The Right to Operate Efficiently

One of the rights which was neglected throughout the early part of this century was the right not to have others trespass on one's property through air or water pollution. Originally, under English common law, people living beside a river had legally defensible rights against polluters. In effect they had property rights in an unpolluted river.

Early in the 18th century, however, British courts reversed this traditional common law. These rulings permitted newly developing industries to dump waste into rivers. The courts held that the "needs of industry" to dispose of wastes superseded the rights of property owners along the river.

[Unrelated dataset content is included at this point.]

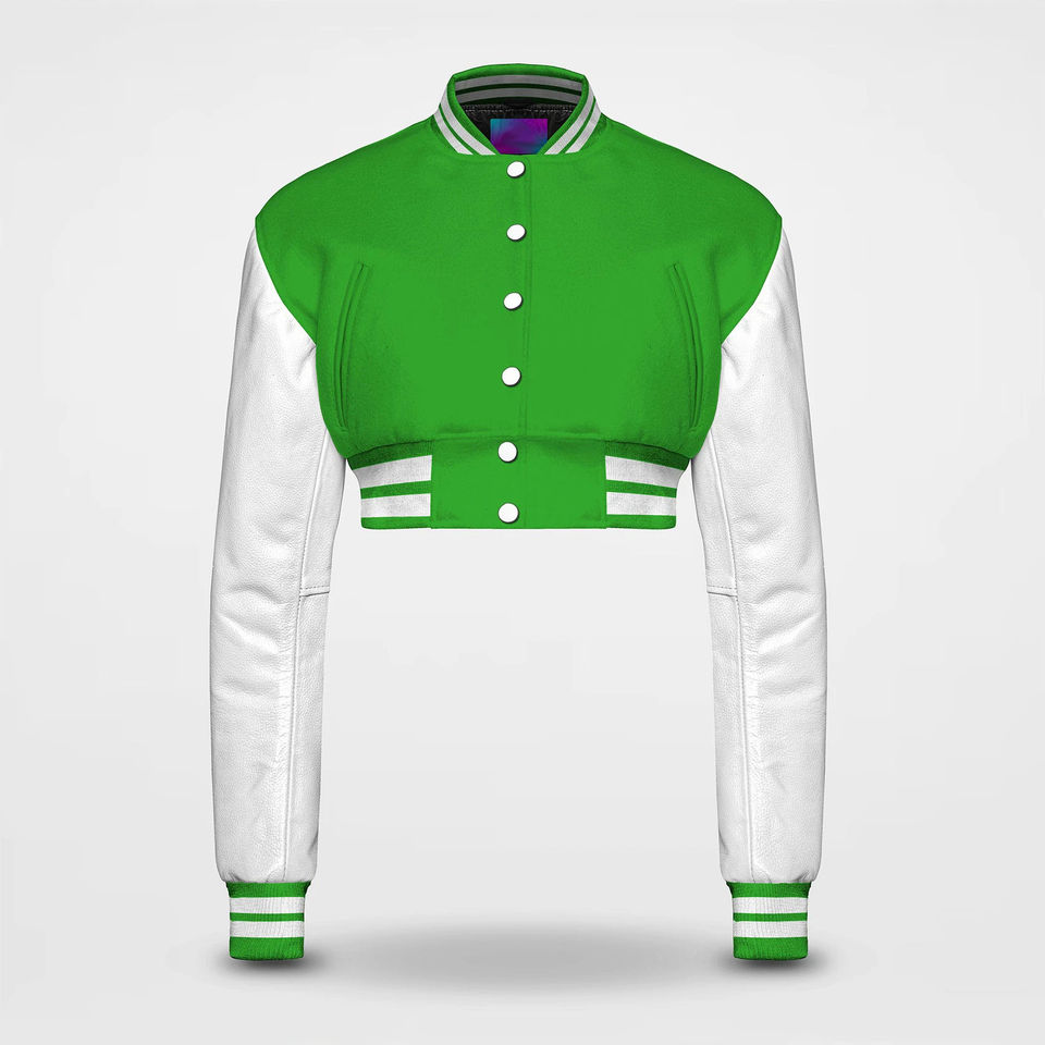 Premium Quality Ladies Plus Size Quilted Baseball Crop Varsity Jackets Women's Wool Crop Top with Long Sleeves Wholesale Jackets

This bad precedent was inherited by the United States when we declared our independence. Until quite recently, it was considered acceptable to dump wastes into rivers or the air. This simply transferred the problem to people downstream or downwind. The person who ended up paying the cost of cleanup gained no benefit from the activity which produced the waste. Here was a clear-cut case of government failing to protect individual rights, by allowing some people to transfer their costs to others.

We now recognize that simply dumping waste into a river, or dispersing it in the air, doesn't get rid of it. We now recognize that pollution must be stopped at the source. Unfortunately, this recognition has been accompanied by a command and control approach to eliminating pollution. Government officials not only prescribe emissions limits, but prescribe the means by which pollution must be controlled. A recent example is a law requiring electric power plants in the Midwest to install scrubbers which removed a specific percentage of the sulfur from the exhaust. In reality, a cheaper way to reduce sulfur emissions would have been for the power plants to burn low-sulfur Western coal. The scrubber requirement was imposed to protect the jobs of Eastern coal miners, who produce high-sulfur coal. One unfortunate result was that the power plant exhaust, even after scrubbing, contained more sulfur than would the unscrubbed exhaust from low-sulfur coal.

The command and control approach is a violation of the property rights of business owners. Government has an obligation to protect the rights of citizens by setting standards for maximum allowable levels of emissions. The pollution emitters, however, equally have the right to meet those standards by means best suited to their particular circumstances.

What about responsibilities?

It may be asked, don't people in business have responsibilities that accompany their rights? Of course! Just as people retain all their rights as citizens when they enter business, they retain all their responsibilities. This includes responsibilities to employees, customers, stockholders, neighbors, and the environment.